As of Tuesday, 22 recent grads were listed on a spreadsheet as having offers rescinded from Twitter and nine people were listed on a separate spreadsheet for Coinbase.

In a statement, Twitter said it acknowledged that the rescinded offers could put candidates in a difficult position, and said it is offering compensation to those affected.

Coinbase pointed to a June 2 blog post that said the decision to rescind a number of offers was not made lightly, but was "necessary to ensure we are only growing in the highest-priority areas."

Chloe Ho, a recent graduate from the University of California, Davis, and who is originally from Hong Kong, has until Sept. 29 to find a new job, or be forced to leave the United States. Ho had accepted a position as a content marketing specialist for an online grocery company called Weee! before the position was rescinded.

As a non-U.S. citizen who needs a new employer to sponsor her work visa, “my options are very limited,” she said.

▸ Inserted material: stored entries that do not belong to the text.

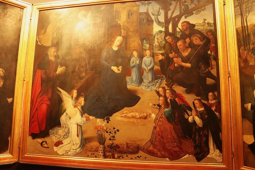 Tríptico Portinari adoración de los pastores, col angeli e i Santi Tommasso – Oleo sobre madera. HUGO VAN DER GOES (1440-1482) . . .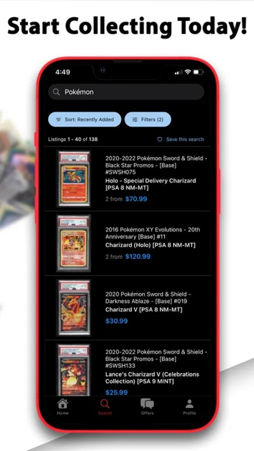 Recently Viewed- Quickly and easily browse cards that you have recently viewed with this dedicated section on our app.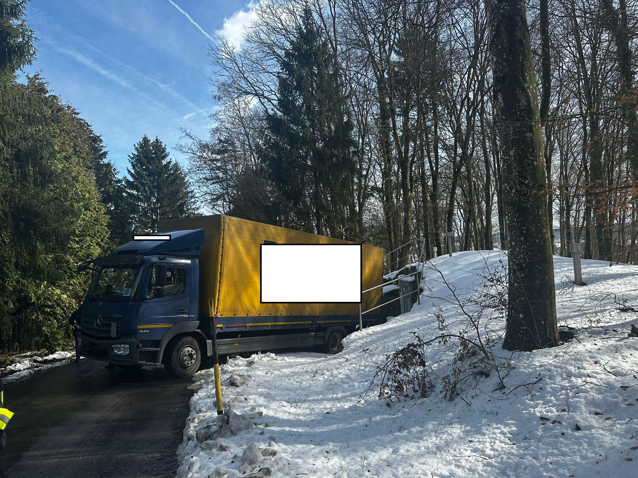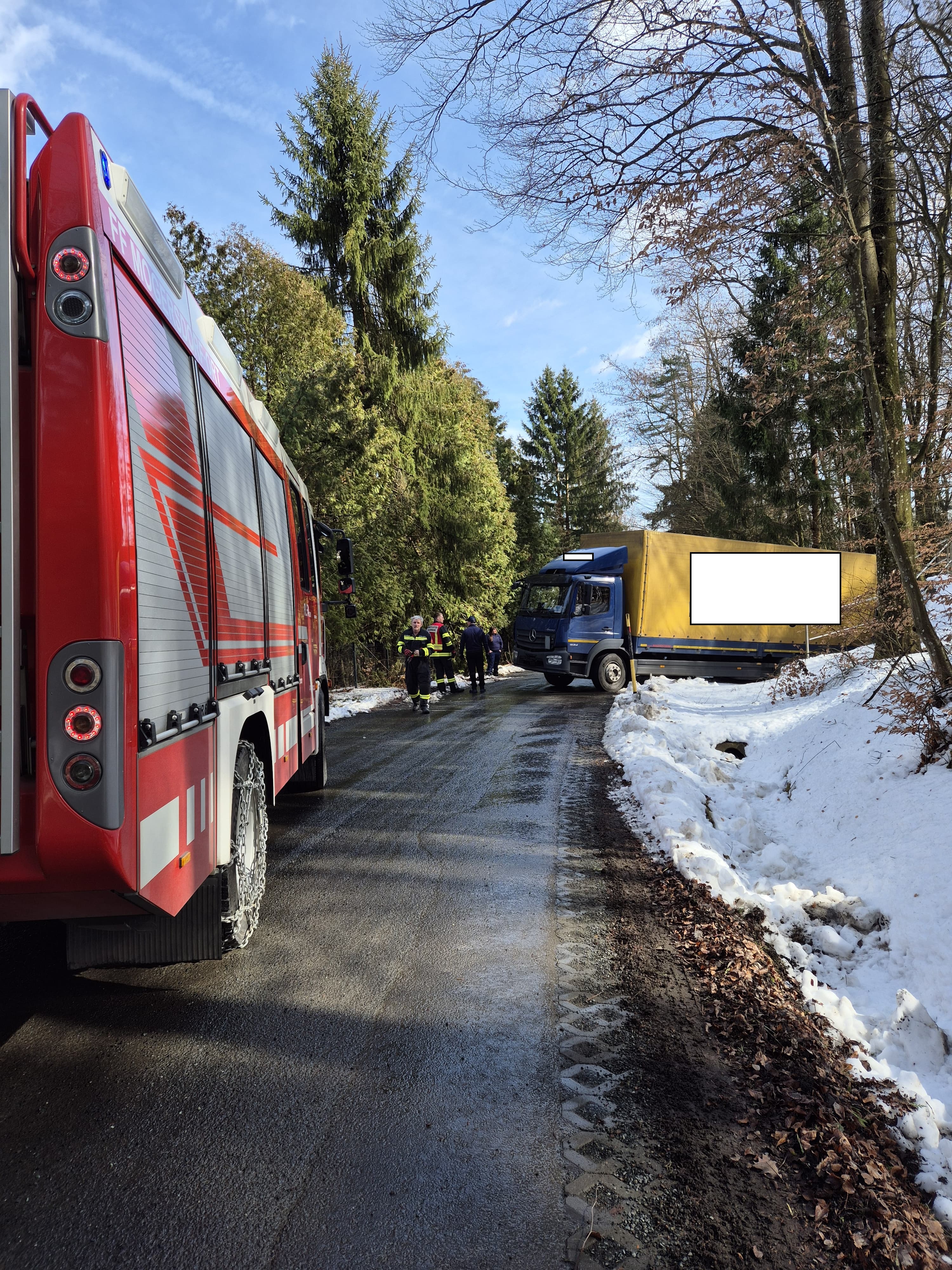 Am Montag zu Mittag kam in Mogersdorf-Berg (Sandriegel) ein LKW aus unbekannter Ursache auf das mit schneebedeckte Bankett und rutschte von der Fahrbahn ab. Das Schwerfahrzeug kam vor einem Wasserpassain zum stehen und musste von der Feuerwehr Mogersdorf-Ort mit der Seilwinde geborgen werden.
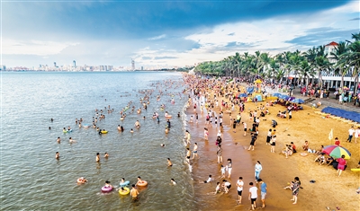 6月18日,在海口市西海岸假日海滩,虽然下午的一场大雨影响了出行,但依然有不少市民在傍晚赶来这里洗龙水过端午。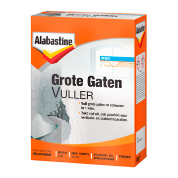 Grote gaten vullen een lastige klus? Niet met deze stevige Grote Gatenvuller van Alabastine. Dit poeder product is makkelijk te mengen. Als je grote gaten in o.a. steen en beton wilt vullen, is Alabastine Grote Gaten Vuller het ideale product voor jou. Deze grote gaten vuller zakt niet uit, is voor binnen en buiten geschikt en is bovendien schuur-, spijker- en schroefbaar.

Ho said she canceled a lease for a new apartment in the San Francisco Bay area, pulled out of vacation plans with friends and will now spend the next three months networking for a new job during the day and submitting applications at night. “I had planned everything around this job,” she said.

Many affected graduates took to LinkedIn to express their disappointment, detail how the rescinded offers upended plans for cross-country moves and ask for referrals to new companies.

Graduates who spoke with Reuters said they were surprised by the level of outreach from people offering to help. Still, the sting of losing their dream jobs has lingered.

One recent college graduate who was set to join Coinbase, and did not want to be named due to his ongoing job hunt, said that just a week before losing his job offer, he had received an email from Coinbase with reassurance that the company did not plan to walk back existing offers.

“I was disappointed for a few reasons. I didn’t think leadership would make that decision,” he said.

While the companies may be saving some money in the short term, they are risking “potentially catastrophic” reputational damage, said Brian Kropp, distinguished vice president of Gartner's human resources practice.

“Just think about how unfair that is to people you’re rescinding the offer from,” he said. “You’re putting them in a painful situation.”